Only the lines below from the one with "Every now and" through the one with "(Thanh tra) - Tại" are to be written out, exactly and without any images.

-- GIVEN RECORDS follows --

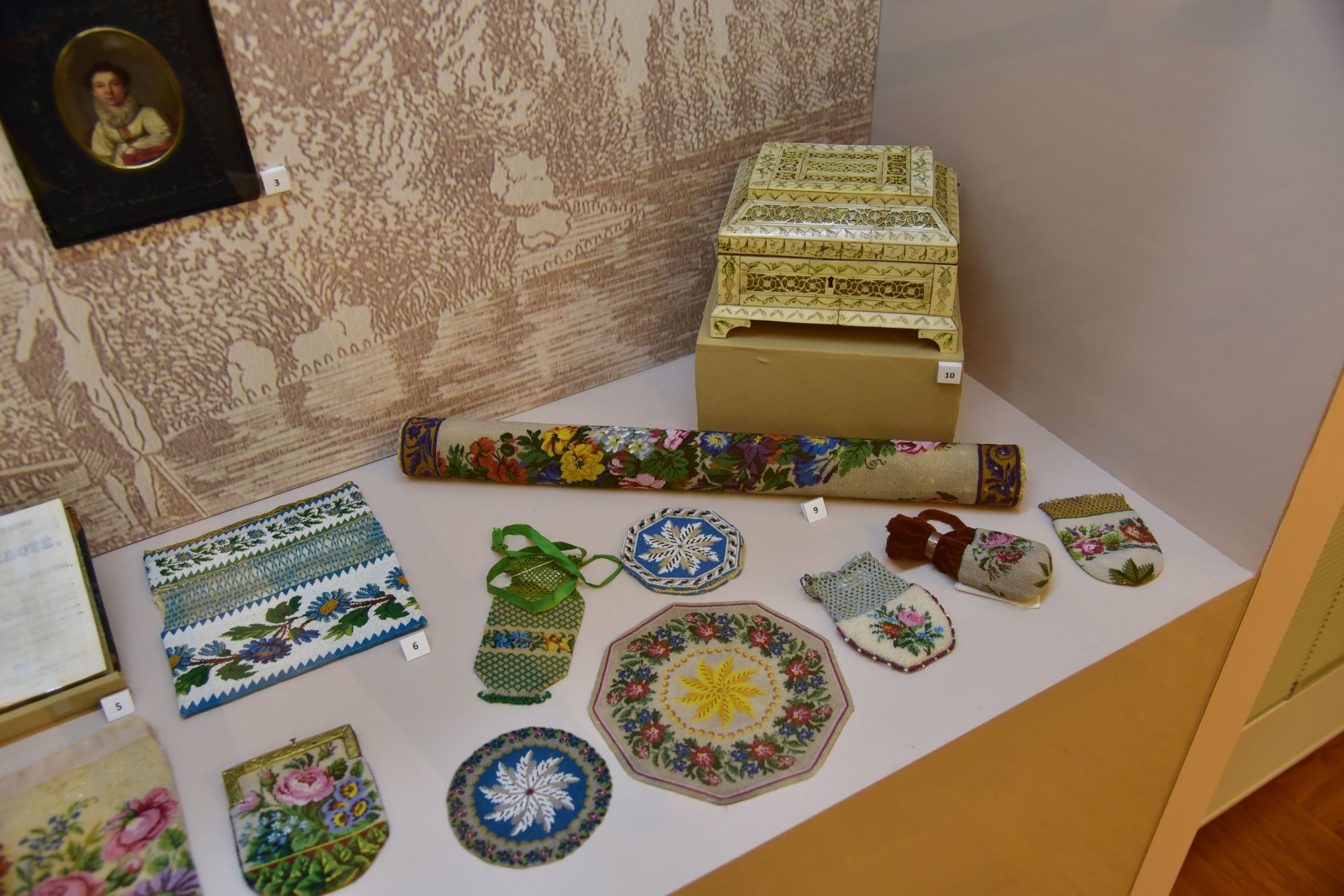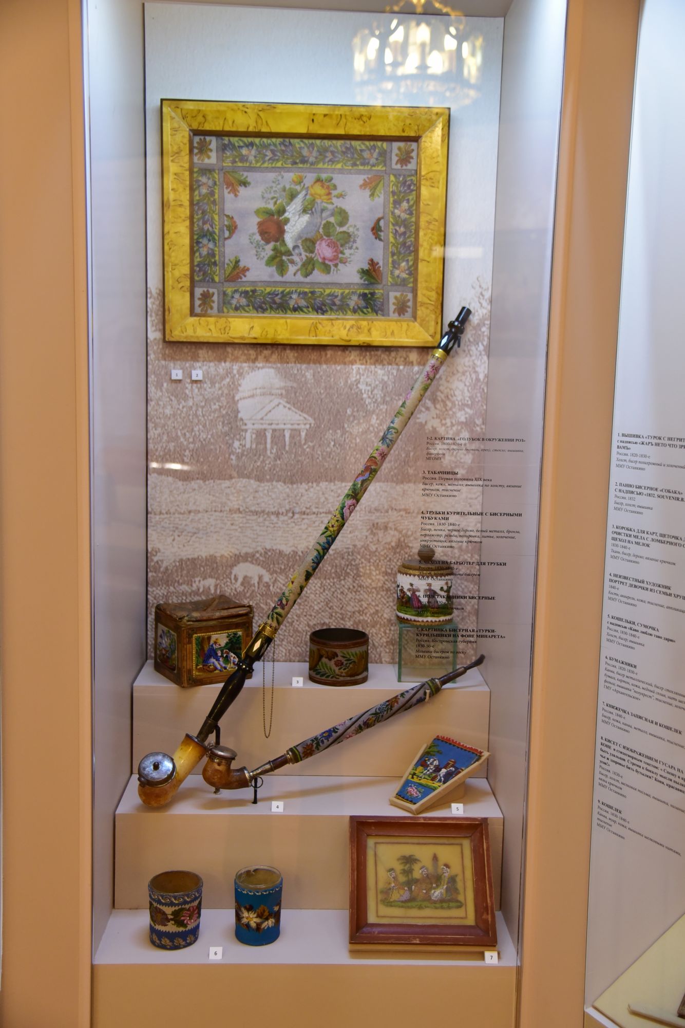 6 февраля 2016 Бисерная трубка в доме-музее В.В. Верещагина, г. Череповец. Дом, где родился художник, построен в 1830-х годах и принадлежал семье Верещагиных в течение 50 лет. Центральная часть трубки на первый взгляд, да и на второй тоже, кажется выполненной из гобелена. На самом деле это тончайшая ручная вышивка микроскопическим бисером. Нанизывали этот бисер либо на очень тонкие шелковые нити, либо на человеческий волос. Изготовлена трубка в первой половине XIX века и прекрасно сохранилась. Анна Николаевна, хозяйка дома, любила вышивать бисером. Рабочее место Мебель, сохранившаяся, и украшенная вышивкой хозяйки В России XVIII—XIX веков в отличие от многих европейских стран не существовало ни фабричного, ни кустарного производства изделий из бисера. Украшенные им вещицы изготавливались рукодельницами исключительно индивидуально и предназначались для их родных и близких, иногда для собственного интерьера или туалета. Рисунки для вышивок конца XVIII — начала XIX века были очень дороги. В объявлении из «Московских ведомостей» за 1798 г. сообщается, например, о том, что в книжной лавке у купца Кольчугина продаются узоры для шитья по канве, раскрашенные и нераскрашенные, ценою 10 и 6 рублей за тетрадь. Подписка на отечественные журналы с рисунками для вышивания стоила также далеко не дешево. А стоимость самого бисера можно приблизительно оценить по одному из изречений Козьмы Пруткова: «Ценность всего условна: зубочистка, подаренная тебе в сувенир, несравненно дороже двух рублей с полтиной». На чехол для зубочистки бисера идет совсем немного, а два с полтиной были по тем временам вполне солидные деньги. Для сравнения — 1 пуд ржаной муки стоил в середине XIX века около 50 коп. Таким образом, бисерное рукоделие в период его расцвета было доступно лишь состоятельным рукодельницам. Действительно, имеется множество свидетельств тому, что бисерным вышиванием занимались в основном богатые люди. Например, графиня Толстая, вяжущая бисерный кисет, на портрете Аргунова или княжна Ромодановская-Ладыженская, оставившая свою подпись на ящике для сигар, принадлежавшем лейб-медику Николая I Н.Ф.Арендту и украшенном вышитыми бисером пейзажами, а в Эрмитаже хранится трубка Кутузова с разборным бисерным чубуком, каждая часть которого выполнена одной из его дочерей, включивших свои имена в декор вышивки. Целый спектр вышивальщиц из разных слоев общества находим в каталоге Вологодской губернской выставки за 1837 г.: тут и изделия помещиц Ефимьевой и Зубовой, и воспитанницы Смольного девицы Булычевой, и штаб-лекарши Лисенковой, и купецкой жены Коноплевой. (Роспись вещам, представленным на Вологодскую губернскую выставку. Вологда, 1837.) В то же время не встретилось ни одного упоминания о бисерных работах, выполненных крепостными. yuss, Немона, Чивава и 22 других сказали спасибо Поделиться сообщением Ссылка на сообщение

-- GIVEN RECORDS concluded --
-- GIVEN RECORDS follows --

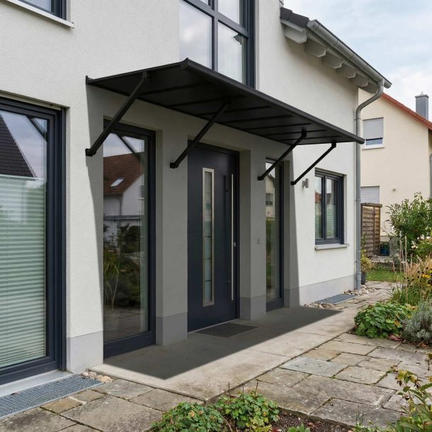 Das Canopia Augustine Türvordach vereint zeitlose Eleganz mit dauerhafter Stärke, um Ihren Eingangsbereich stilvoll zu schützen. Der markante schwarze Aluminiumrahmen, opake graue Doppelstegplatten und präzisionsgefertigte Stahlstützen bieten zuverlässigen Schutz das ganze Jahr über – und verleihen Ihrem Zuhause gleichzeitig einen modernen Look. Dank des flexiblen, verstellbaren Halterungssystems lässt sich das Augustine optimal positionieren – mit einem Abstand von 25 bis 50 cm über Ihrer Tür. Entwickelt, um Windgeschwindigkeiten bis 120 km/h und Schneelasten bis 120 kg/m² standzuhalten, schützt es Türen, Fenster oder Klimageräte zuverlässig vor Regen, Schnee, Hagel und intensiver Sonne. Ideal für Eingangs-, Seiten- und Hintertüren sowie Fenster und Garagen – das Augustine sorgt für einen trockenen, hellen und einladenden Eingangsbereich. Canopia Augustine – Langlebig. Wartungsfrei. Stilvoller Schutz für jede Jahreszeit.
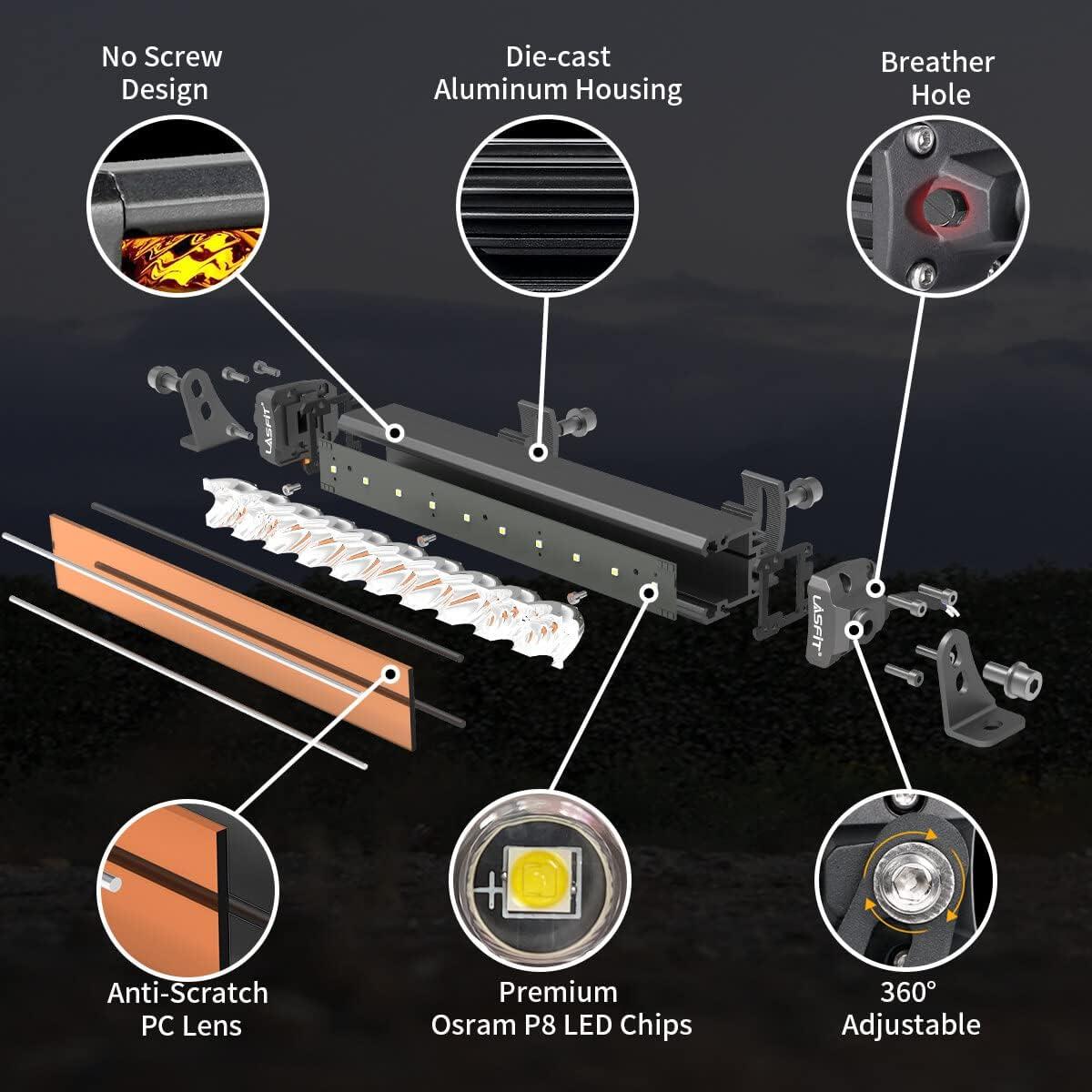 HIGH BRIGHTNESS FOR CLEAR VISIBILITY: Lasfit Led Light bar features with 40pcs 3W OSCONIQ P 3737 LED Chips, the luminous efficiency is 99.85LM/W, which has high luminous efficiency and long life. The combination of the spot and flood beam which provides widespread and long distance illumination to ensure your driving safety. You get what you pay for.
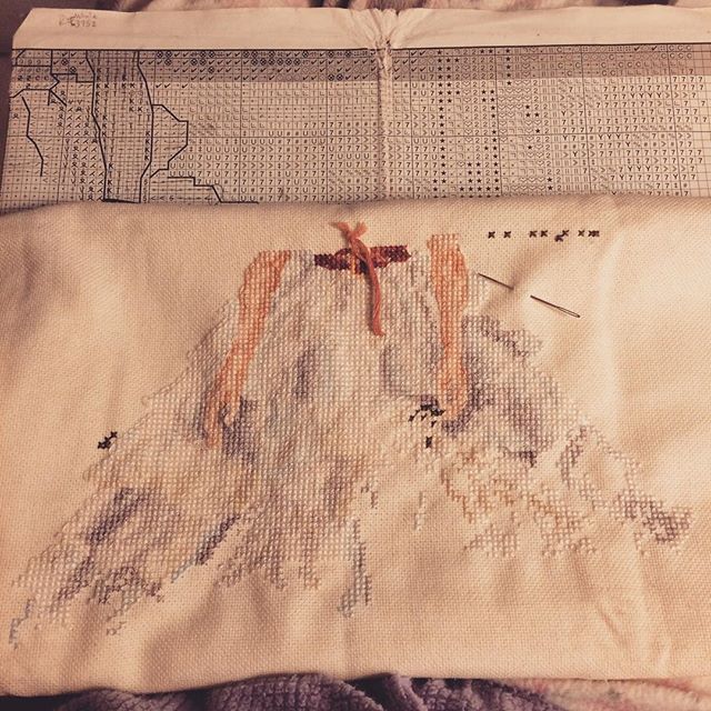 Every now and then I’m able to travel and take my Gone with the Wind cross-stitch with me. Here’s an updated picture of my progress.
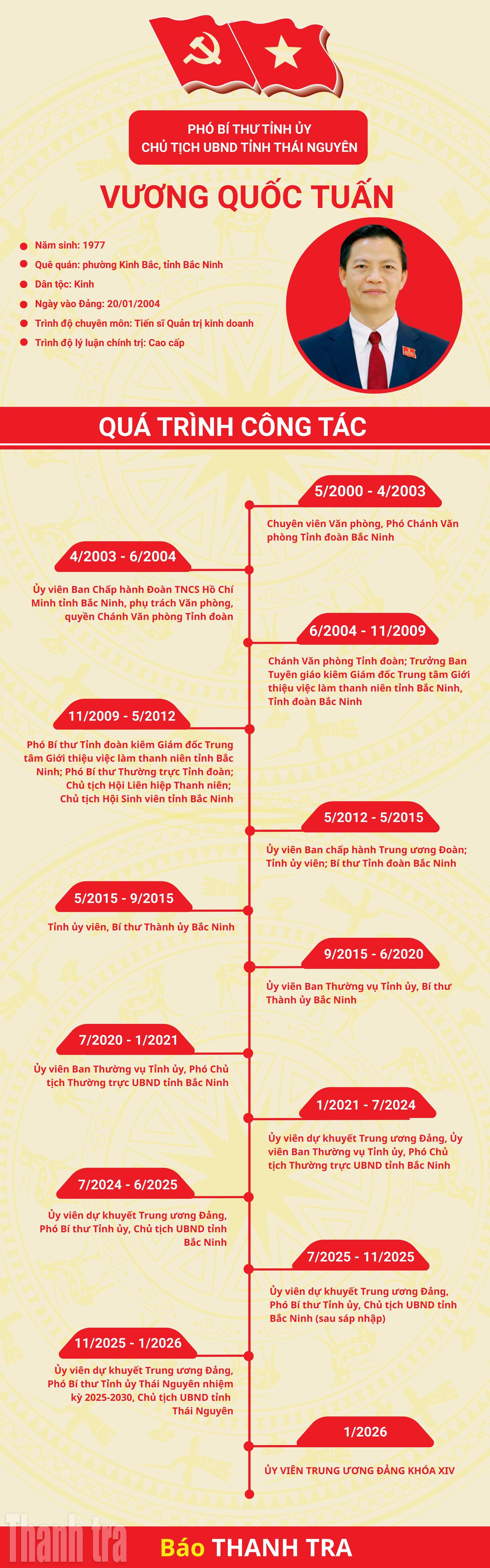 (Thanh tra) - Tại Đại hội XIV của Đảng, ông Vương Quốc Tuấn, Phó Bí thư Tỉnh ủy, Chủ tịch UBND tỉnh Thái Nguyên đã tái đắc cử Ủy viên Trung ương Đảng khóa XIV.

-- GIVEN RECORDS concluded --
-- GIVEN RECORDS follows --

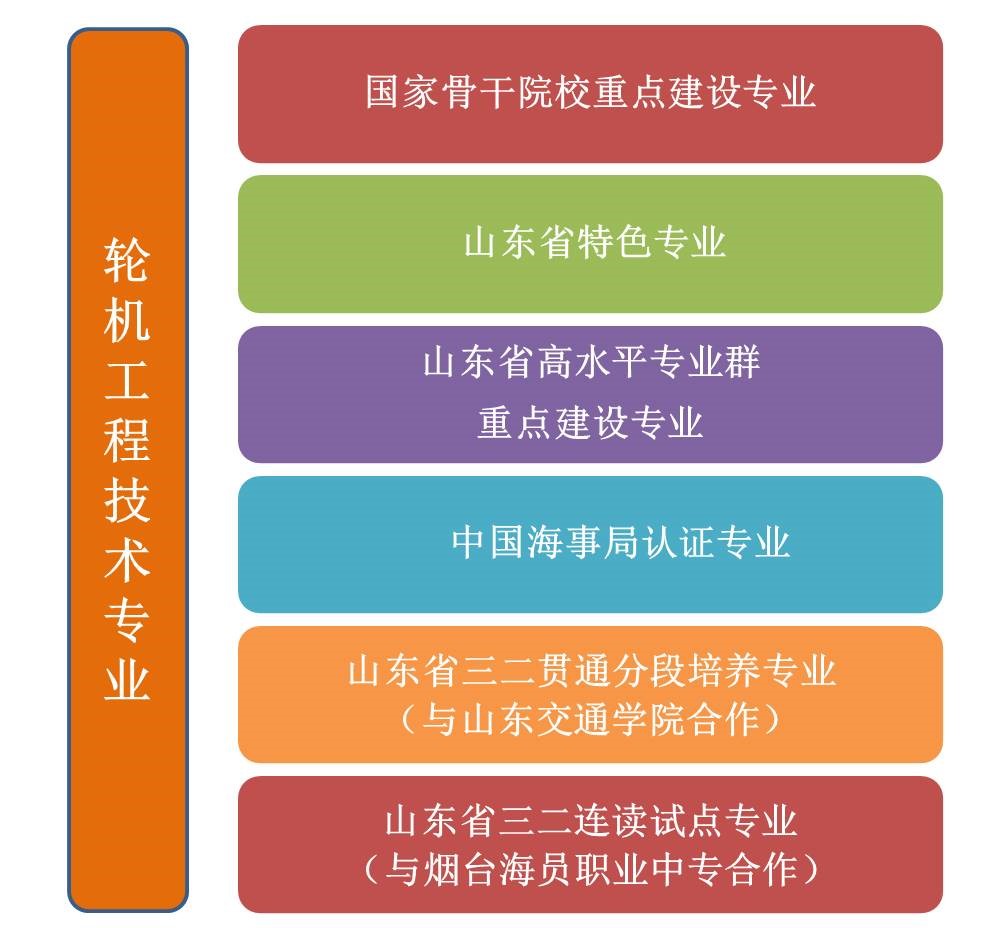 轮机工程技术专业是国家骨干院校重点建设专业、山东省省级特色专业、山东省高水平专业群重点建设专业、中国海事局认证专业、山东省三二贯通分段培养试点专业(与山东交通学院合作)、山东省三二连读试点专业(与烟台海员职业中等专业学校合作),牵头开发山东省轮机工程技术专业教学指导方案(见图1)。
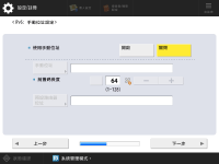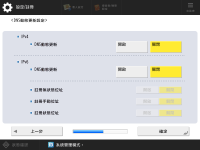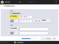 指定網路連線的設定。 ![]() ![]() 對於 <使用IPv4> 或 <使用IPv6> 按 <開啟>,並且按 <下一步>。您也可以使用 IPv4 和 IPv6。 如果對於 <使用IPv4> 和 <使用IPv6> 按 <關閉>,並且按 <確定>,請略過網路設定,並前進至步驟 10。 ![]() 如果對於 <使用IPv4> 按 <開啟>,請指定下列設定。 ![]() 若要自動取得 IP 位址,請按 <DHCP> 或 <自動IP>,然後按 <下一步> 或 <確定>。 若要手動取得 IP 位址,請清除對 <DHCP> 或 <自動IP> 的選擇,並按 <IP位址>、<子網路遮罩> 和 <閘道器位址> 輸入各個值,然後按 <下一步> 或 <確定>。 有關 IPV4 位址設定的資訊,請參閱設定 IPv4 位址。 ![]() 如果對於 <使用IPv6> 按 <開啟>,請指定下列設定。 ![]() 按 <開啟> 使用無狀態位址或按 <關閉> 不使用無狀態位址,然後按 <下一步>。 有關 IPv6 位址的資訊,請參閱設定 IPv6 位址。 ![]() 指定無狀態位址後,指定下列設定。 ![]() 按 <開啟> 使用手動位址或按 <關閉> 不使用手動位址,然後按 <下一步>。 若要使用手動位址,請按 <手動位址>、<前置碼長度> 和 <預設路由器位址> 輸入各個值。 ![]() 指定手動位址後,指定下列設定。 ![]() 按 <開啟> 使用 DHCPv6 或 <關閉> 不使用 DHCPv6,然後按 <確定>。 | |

-- GIVEN RECORDS concluded --

» WRITTEN REPLY
 Every now and then I’m able to travel and take my Gone with the Wind cross-stitch with me. Here’s an updated picture of my progress.
 (Thanh tra) - Tại Đại hội XIV của Đảng, ông Vương Quốc Tuấn, Phó Bí thư Tỉnh ủy, Chủ tịch UBND tỉnh Thái Nguyên đã tái đắc cử Ủy viên Trung ương Đảng khóa XIV.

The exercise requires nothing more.